▸ **Exercise directions**
Only the lines from the one containing "Swarovski sew on" to the end of the data should be copied, exactly and without pictures.

▸ **Given entries**
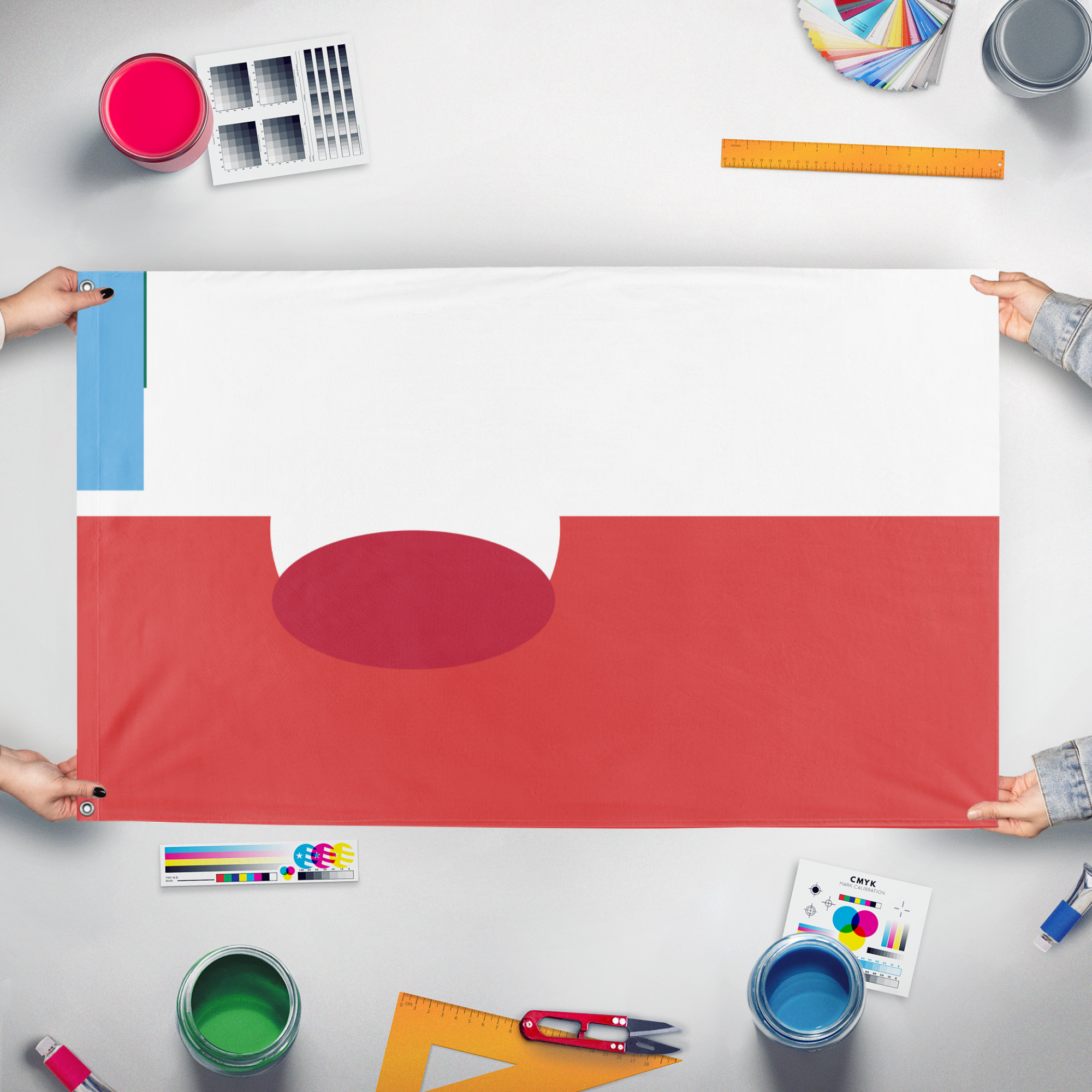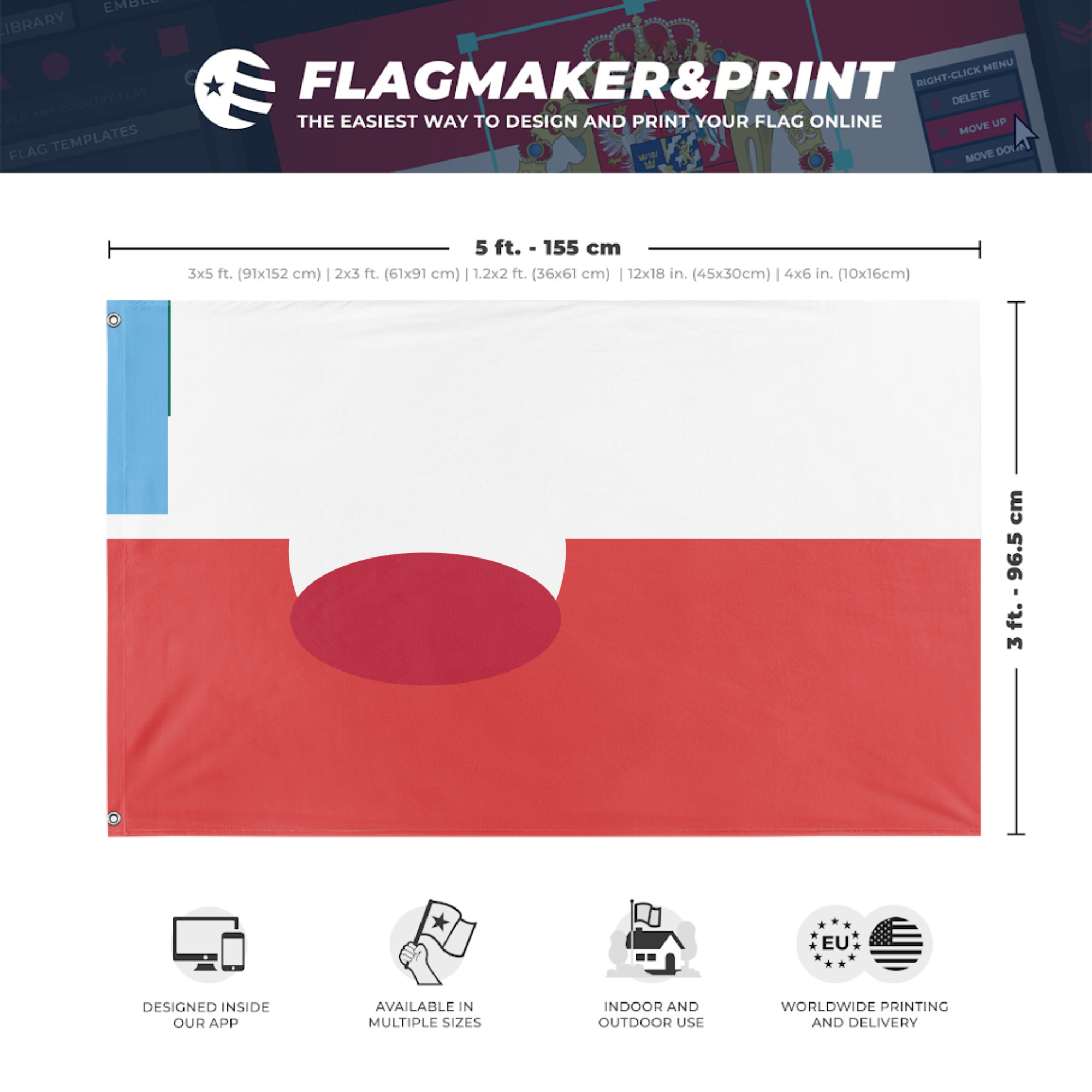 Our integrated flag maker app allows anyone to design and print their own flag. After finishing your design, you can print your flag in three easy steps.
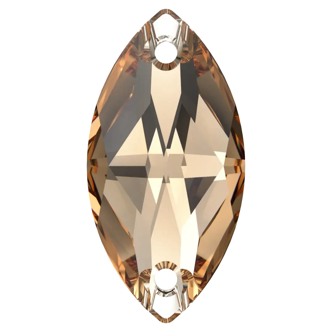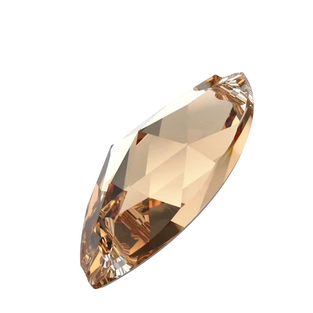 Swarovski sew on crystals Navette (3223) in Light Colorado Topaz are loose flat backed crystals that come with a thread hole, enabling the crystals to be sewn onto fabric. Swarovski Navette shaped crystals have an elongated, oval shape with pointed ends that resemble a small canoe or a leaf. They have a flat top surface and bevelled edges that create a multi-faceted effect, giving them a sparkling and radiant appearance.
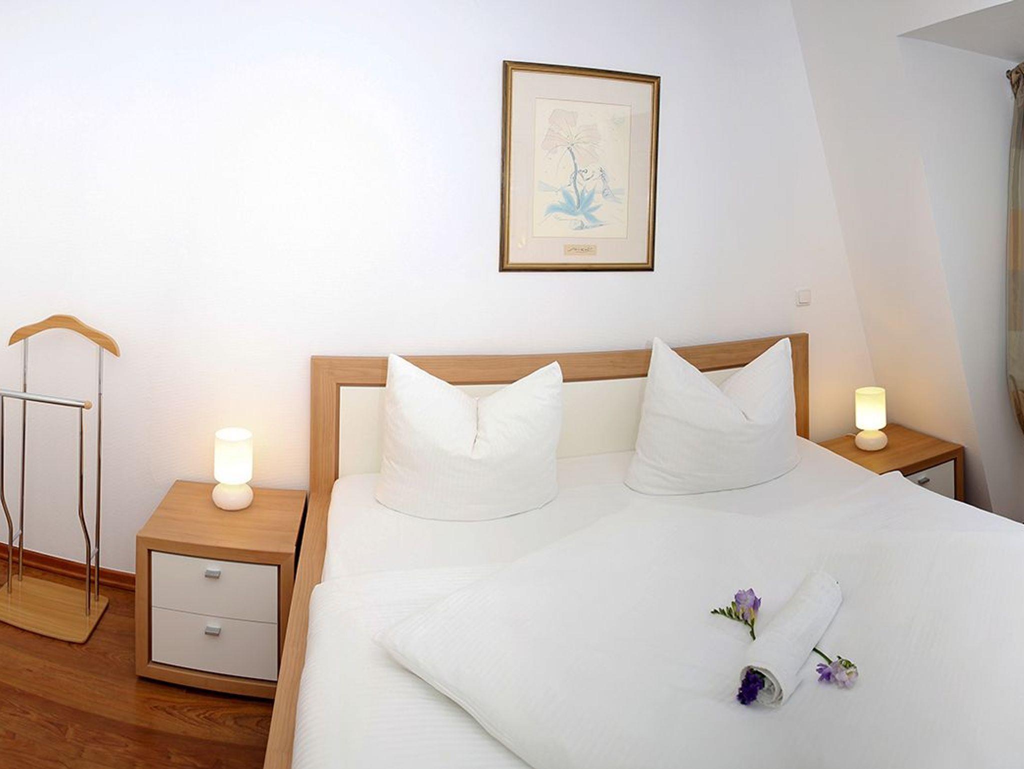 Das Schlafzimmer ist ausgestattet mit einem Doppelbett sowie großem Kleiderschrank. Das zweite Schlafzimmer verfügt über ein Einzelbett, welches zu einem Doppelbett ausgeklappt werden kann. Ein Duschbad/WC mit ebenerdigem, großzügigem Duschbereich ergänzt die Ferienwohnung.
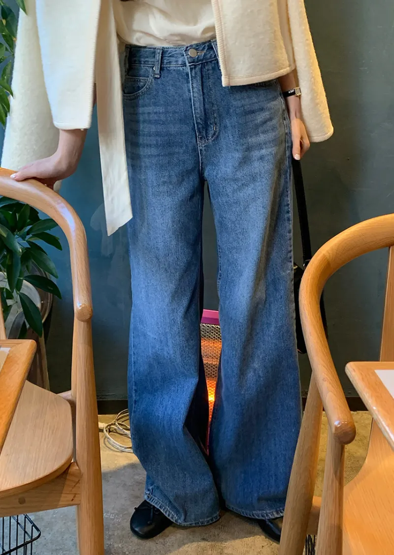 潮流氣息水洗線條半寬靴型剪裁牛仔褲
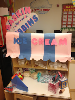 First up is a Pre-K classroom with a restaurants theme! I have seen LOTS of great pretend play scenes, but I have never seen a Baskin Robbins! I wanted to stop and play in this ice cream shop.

▸ **Output for this task**
 Swarovski sew on crystals Navette (3223) in Light Colorado Topaz are loose flat backed crystals that come with a thread hole, enabling the crystals to be sewn onto fabric. Swarovski Navette shaped crystals have an elongated, oval shape with pointed ends that resemble a small canoe or a leaf. They have a flat top surface and bevelled edges that create a multi-faceted effect, giving them a sparkling and radiant appearance.
 Das Schlafzimmer ist ausgestattet mit einem Doppelbett sowie großem Kleiderschrank. Das zweite Schlafzimmer verfügt über ein Einzelbett, welches zu einem Doppelbett ausgeklappt werden kann. Ein Duschbad/WC mit ebenerdigem, großzügigem Duschbereich ergänzt die Ferienwohnung.
 潮流氣息水洗線條半寬靴型剪裁牛仔褲
 First up is a Pre-K classroom with a restaurants theme! I have seen LOTS of great pretend play scenes, but I have never seen a Baskin Robbins! I wanted to stop and play in this ice cream shop.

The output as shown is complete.